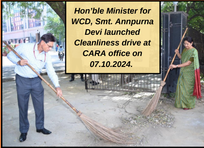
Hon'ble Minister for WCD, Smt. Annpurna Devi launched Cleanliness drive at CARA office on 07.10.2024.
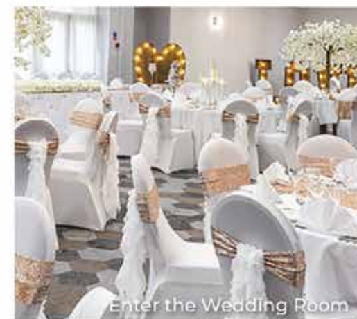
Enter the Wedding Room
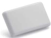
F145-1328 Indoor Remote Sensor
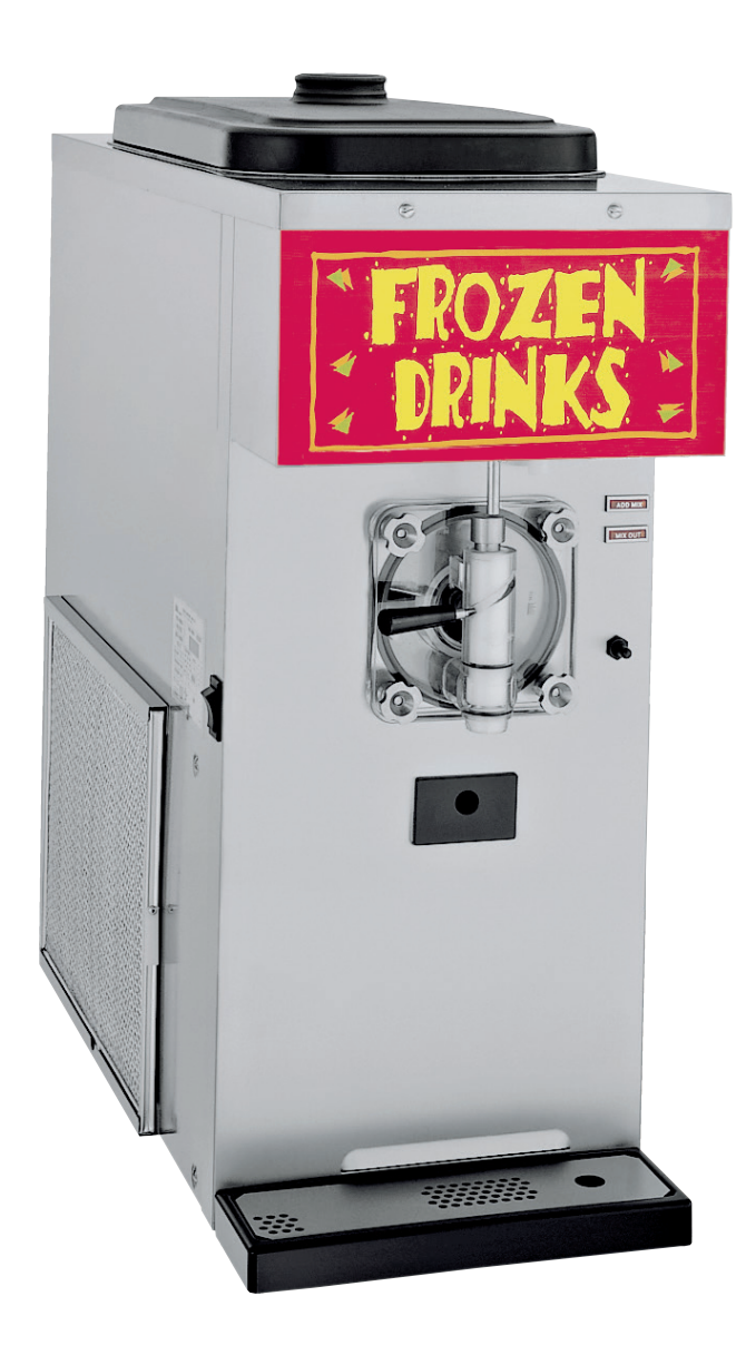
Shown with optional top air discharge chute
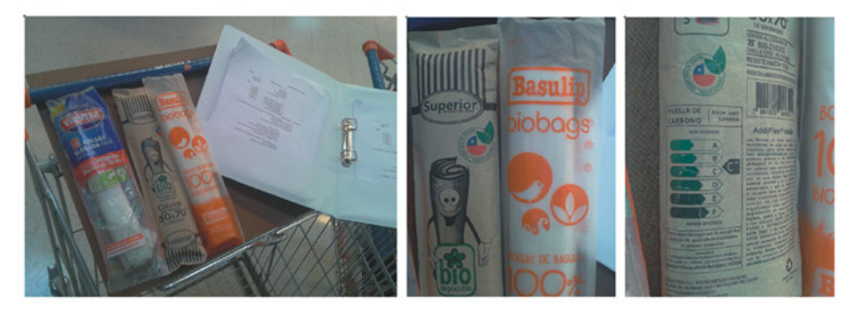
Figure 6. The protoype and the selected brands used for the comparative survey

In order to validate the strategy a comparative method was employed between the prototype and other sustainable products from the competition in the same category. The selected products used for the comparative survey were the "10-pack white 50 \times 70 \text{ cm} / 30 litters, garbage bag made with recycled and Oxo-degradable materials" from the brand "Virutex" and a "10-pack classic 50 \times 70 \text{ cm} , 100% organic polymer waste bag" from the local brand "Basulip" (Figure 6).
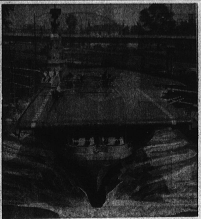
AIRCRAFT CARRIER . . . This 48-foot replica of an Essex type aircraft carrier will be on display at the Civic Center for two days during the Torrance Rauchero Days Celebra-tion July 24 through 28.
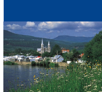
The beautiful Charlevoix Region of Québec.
...
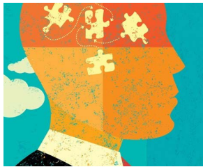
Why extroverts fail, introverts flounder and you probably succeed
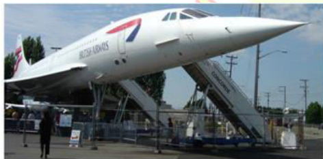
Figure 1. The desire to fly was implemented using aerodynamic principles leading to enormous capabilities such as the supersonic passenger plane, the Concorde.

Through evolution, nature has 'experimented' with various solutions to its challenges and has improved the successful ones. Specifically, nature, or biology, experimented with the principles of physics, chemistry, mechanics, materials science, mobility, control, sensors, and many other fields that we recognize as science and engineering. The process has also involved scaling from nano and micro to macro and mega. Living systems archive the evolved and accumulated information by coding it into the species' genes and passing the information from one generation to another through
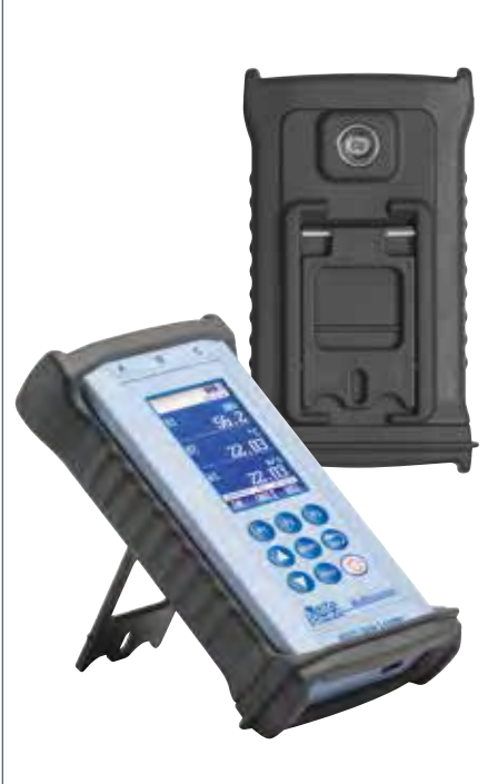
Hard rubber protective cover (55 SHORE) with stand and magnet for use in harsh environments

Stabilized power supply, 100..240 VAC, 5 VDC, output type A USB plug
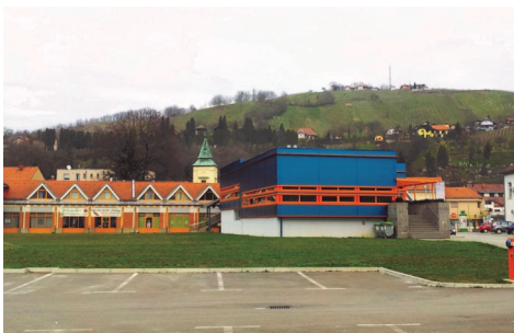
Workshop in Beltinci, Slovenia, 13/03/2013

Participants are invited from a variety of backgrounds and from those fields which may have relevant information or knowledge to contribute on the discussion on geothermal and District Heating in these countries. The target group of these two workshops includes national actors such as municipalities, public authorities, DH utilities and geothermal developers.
* * *
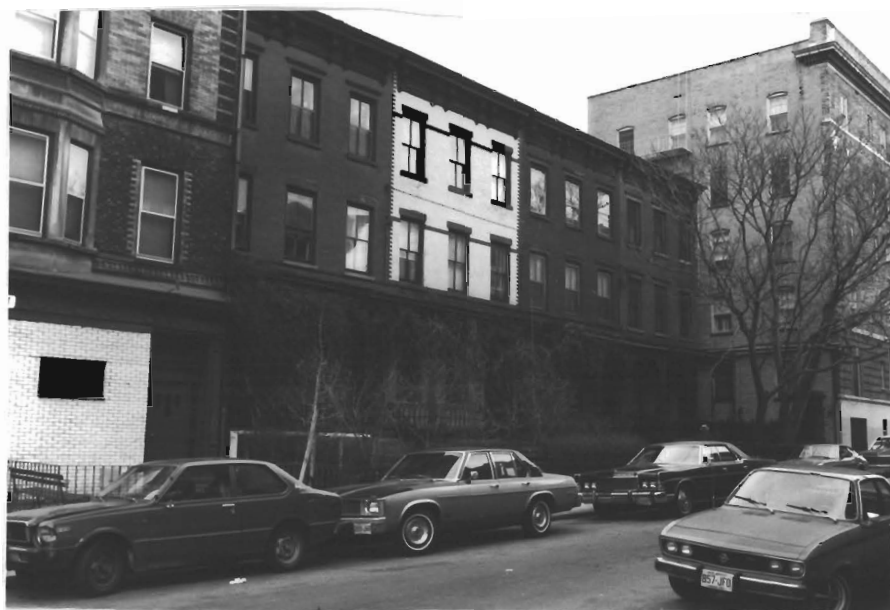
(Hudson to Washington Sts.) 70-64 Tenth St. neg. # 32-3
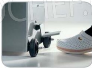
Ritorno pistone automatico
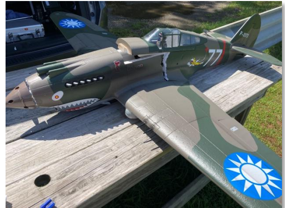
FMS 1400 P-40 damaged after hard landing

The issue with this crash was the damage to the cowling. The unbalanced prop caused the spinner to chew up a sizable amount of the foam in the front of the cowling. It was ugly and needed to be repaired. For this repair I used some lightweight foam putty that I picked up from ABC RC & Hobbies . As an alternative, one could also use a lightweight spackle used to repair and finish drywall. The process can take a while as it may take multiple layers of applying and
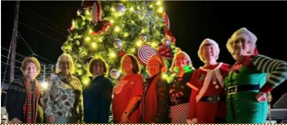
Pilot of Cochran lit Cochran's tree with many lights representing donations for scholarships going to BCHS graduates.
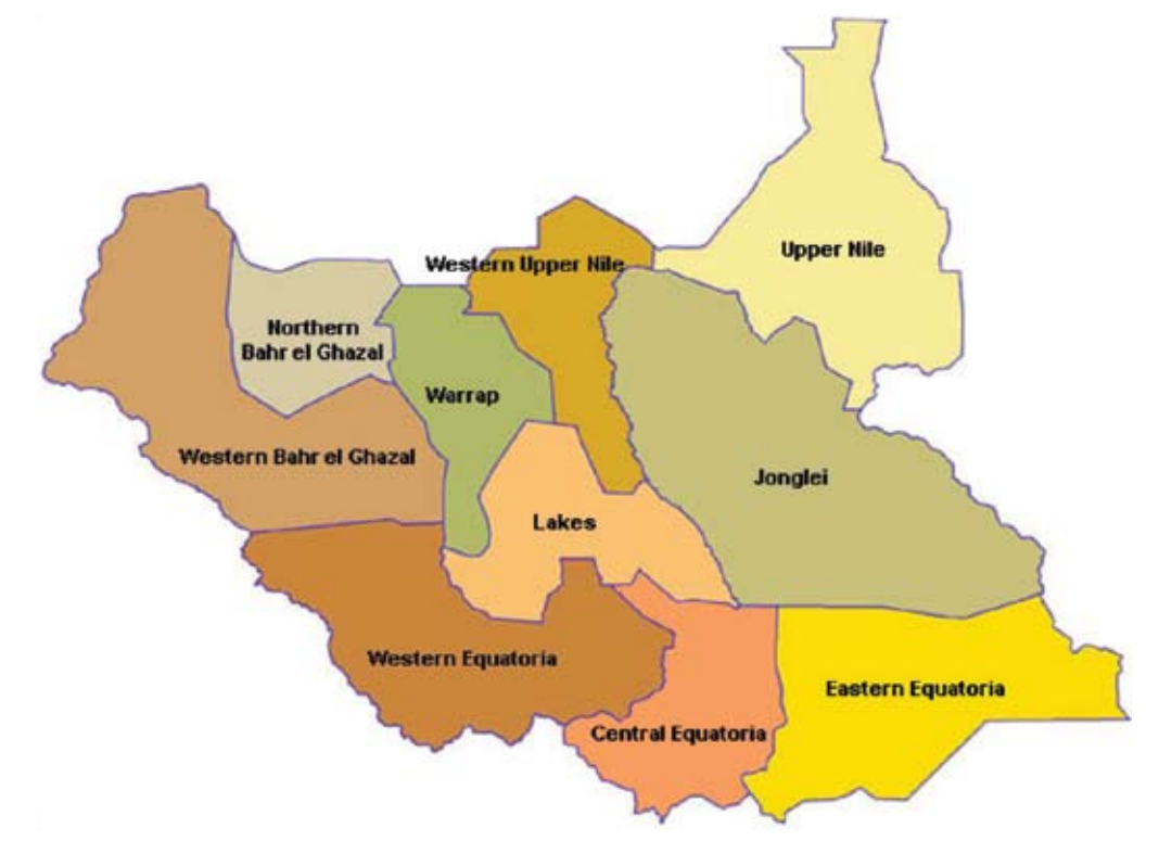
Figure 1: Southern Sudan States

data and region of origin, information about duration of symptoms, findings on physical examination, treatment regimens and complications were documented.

Work request: All that belongs in the answer is the run of lines above from the line containing "Figure 1: Southern Sudan States" through the line containing "data and region", exactly as written.

Written solution:
Figure 1: Southern Sudan States

data and region of origin, information about duration of symptoms, findings on physical examination, treatment regimens and complications were documented.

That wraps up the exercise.